El altar de muertos está formado por un arco hecho de caña
que simboliza una puerta al o del inframundo El arco se cubre completamente
con cempazuchitl y se adorna con fruta tales como naranjas, manzanas y
plátanos, que sirven como un homenaje al sol, los planetas y la
luna. En este universo flota el pan de muertos. Este pan de muertos es
preparado por madres e hijas el 30 de octubre y toma las formas humanas
y de animales. Las calaveras de azúcar son las últimas y
más prominentes figuras colgadas en los arcos. La comida colocada
n el altar será comida por los vivos, pero se cree que los espíritus
consumen los olores del alimento ofrecido. En muchos altares encontrará
las delicias típicas mexicanas como los tamales, platos de frijoles,
enchiladas, tacos, los dulces y el chocolate. La Coca Cola, cerveza y
el tequila o mezcal son las bebidas más comunes y para difuntos
fumadores se colocan los cigarrillos, a menudo en las manos de un esqueleto.

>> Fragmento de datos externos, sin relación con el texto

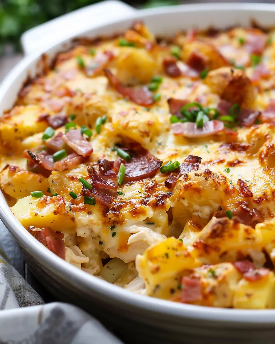This Loaded Chicken and Potato Casserole with Turkey Bacon is a comforting dish that combines savory flavors and hearty ingredients.
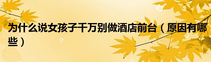 大家好,乐儿来为大家解答以下问题,为什么说女孩子千万别做酒店前台,原因有哪些很多人还不知道,现在让我们一起来看看吧!
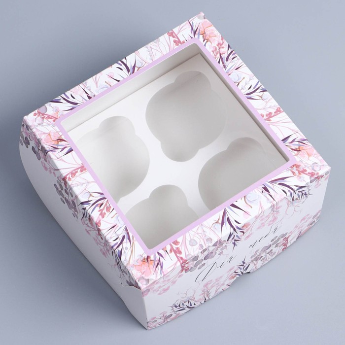 Вид упаковки — для капкейков. Цвет — разноцветный. Форма — квадратная. Размеры: 16*16*10 см.
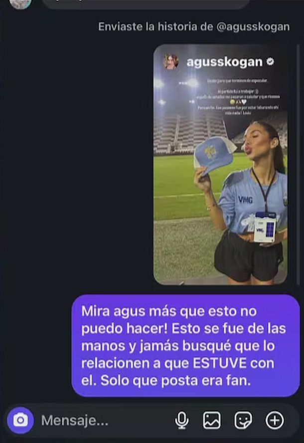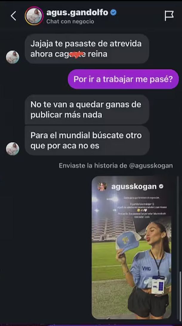 “Ja, ja, gato ridículo”, fue uno de los primeros mensajes que recibió Kogan, y el intercambio continuó con advertencias más intensas: “Te pasaste de atrevida. Ahora cagate reina. No te van a quedar ganas de publicar más nada. Para el Mundial, buscate otro que por acá no es”, leyó la joven en vivo durante el programa Puro Show.

El copal se utiliza para ahuyentar los malos espíritus y las llamas
de las velas sirven para calentar las manos y los cuerpos fríos
de los espíritus. El altar consiste generalmente de cuatro capas,
cada una representa uno de la cuatro elementos: tierra, agua, aire y fuego.
Los lugares más populares para ver estas festividades son el cementerio
en Soso o el panteón general en el barrio de Jalatlaco. La leyenda
dice que había una vez un taxista que recogió a una joven
en el panteón y la llevó a la dirección que ella
le dio. Llegando a la casa, la chica le dijo al taxista que no tenía
dinero, pero prometió pagarle al día siguiente. Ella le
pidió que viniera a la casa y hablara con su madre. El taxista
accedió regresar al día siguiente por su dinero. Cuando
llamó a la puerta de la casa donde había dejado a la chica
el día anterior y preguntó por la joven, la señora
le dijo que la chica que él mencionaba no vivía allí.
“¿Dónde la recogió Señor? ”, ella
le preguntó. “En el panteón general”, y ella
decidió dejarlo entrar. Le mostró algunos retratos de sus
hijos y le preguntó al taxista si era una de esas chicas la que
él subió al taxi. Él reconoció a una de ellas.
“Ella es mi hija la más joven. Murió hace seis años”.